2. **Registration**:
```rust
pub fn get_formatter(format: &OutputFormat) -> Box<dyn ReportFormatter> {
    match format {
        OutputFormat::Custom => Box::new(CustomFormatter),
        // ... other formats
    }
}
```

## Design Decisions

### ADR-001: Rust Implementation Choice

**Status**: Accepted

**Context**: Need for high-performance code analysis tool capable of handling large codebases.

**Decision**: Implement in Rust for performance, memory safety, and ecosystem benefits.

**Consequences**:
- ✅ Excellent performance and memory efficiency
- ✅ Memory safety without garbage collection overhead
- ✅ Rich ecosystem of parsing and analysis crates
- ❌ Higher learning curve for contributors
- ❌ Longer compilation times during development

### ADR-002: Tree-sitter for Parsing

**Status**: Accepted

**Context**: Need robust, language-agnostic parsing for multiple programming languages.

**Decision**: Use Tree-sitter for all language parsing.

**Consequences**:
- ✅ Uniform AST structure across languages
- ✅ Error-tolerant parsing of incomplete code
- ✅ High performance with incremental parsing
- ✅ Large ecosystem of language grammars
- ❌ Additional dependency on Tree-sitter binaries
- ❌ Learning curve for Tree-sitter query syntax

### ADR-003: Multi-Stage Analysis Pipeline

**Status**: Accepted

**Context**: Need to coordinate multiple types of analysis with progress tracking.

**Decision**: Implement pipeline pattern with distinct analysis stages.

**Consequences**:
- ✅ Clear separation of concerns
- ✅ Easy to add new analysis types
- ✅ Progress tracking and error isolation
- ✅ Configurable analysis stages
- ❌ Potential for redundant file processing
- ❌ More complex coordination logic

### ADR-004: Configuration-First Design

**Status**: Accepted

**Context**: Need flexible configuration for different project types and team standards.

**Decision**: Make all analysis behavior configurable through YAML configuration.

**Consequences**:
- ✅ Flexible adaptation to different codebases
- ✅ Team-specific standard enforcement
- ✅ CLI and config file integration
- ✅ Validation and documentation
- ❌ Configuration complexity for users
- ❌ Default configuration maintenance

### ADR-005: Quality Gates for CI/CD

**Status**: Accepted

**Context**: Need automated quality control integration with development workflows.

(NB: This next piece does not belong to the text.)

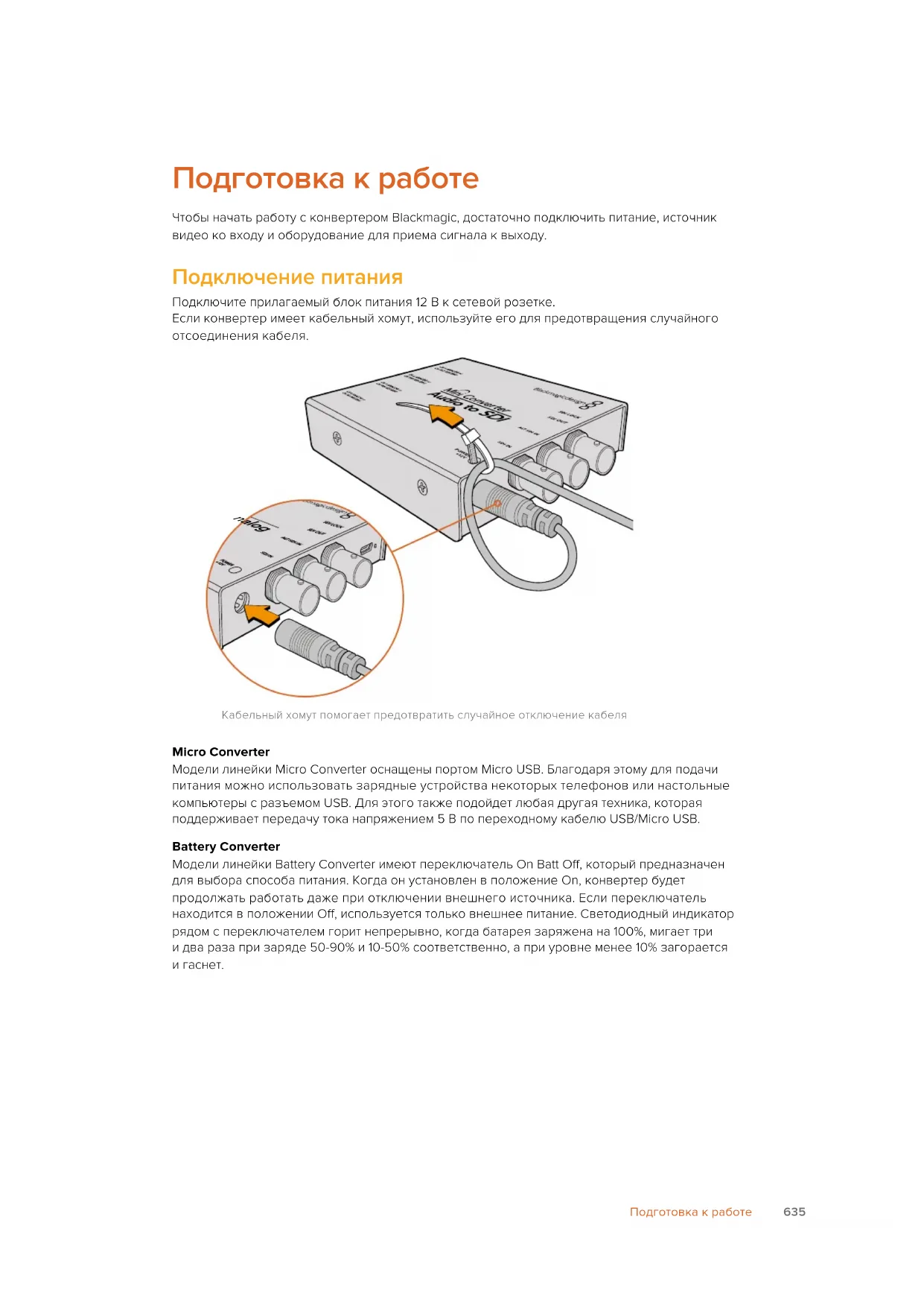 Конвертеры BlackmagicПодготовка к работе Чтобы начать работу с конвертером Blackmagic, достаточно подключить питание, источник видео ко входу и оборудование для приема сигнала к выходу. Подключение питания Подключите прилагаемый блок питания 12 В к сетевой розетке. Если конвертер имеет кабельный хомут, используйте его для предотвращения случайного отсоединения кабеля. Кабельный хомут помогает предотвратить случайное отключение кабеля Micro Converter Модели линейки Micro Converter оснащены портом Micro USB. Благодаря этому для подачи питания можно использовать зарядные устройства некоторых телефонов или настольные компьютеры с разъемом USB. Для этого также подойдет любая другая техника, которая поддерживает передачу тока напряжением 5 В по переходному кабелю USB/Micro USB. Battery Converter Модели линейки Battery Converter имеют переключатель On Batt Off, который предназначен для выбора способа питания. Когда он установлен в положение On, конвертер будет продолжать работать даже при отключении внешнего источника. Если переключатель находится в положении Off, используется только внешнее питание. Светодиодный индикатор рядом с переключателем горит непрерывно, когда батарея заряжена на 100%, мигает три идва раза при заряде 50-90% и 10-50% соответственно, апри уровне менее 10% загорается

**Decision**: Implement configurable quality gates with exit codes for CI/CD.

**Consequences**:
- ✅ Automated quality enforcement
- ✅ Configurable failure conditions
- ✅ Integration with existing CI/CD systems
- ✅ Gradual quality improvement enforcement
- ❌ Potential for overly strict gates blocking development
- ❌ Configuration complexity for optimal thresholds

## Future Considerations

### Planned Enhancements

1. **Incremental Analysis**: Only analyze changed files
2. **Language Server Protocol**: IDE integration for real-time analysis
3. **Machine Learning**: Improved pattern recognition and recommendations
4. **Distributed Analysis**: Support for analyzing very large codebases
5. **Custom Rules**: User-defined analysis rules and patterns
6. **Integration APIs**: REST API for third-party tool integration

### Scalability Plans

1. **Database Backend**: Store analysis results in database for large projects
2. **Caching Strategy**: Distributed caching for team environments
3. **Parallel Execution**: Multi-machine analysis coordination
4. **Memory Management**: Streaming analysis for memory-constrained environments

This architecture provides a solid foundation for comprehensive code analysis while maintaining flexibility for future enhancements and extensions.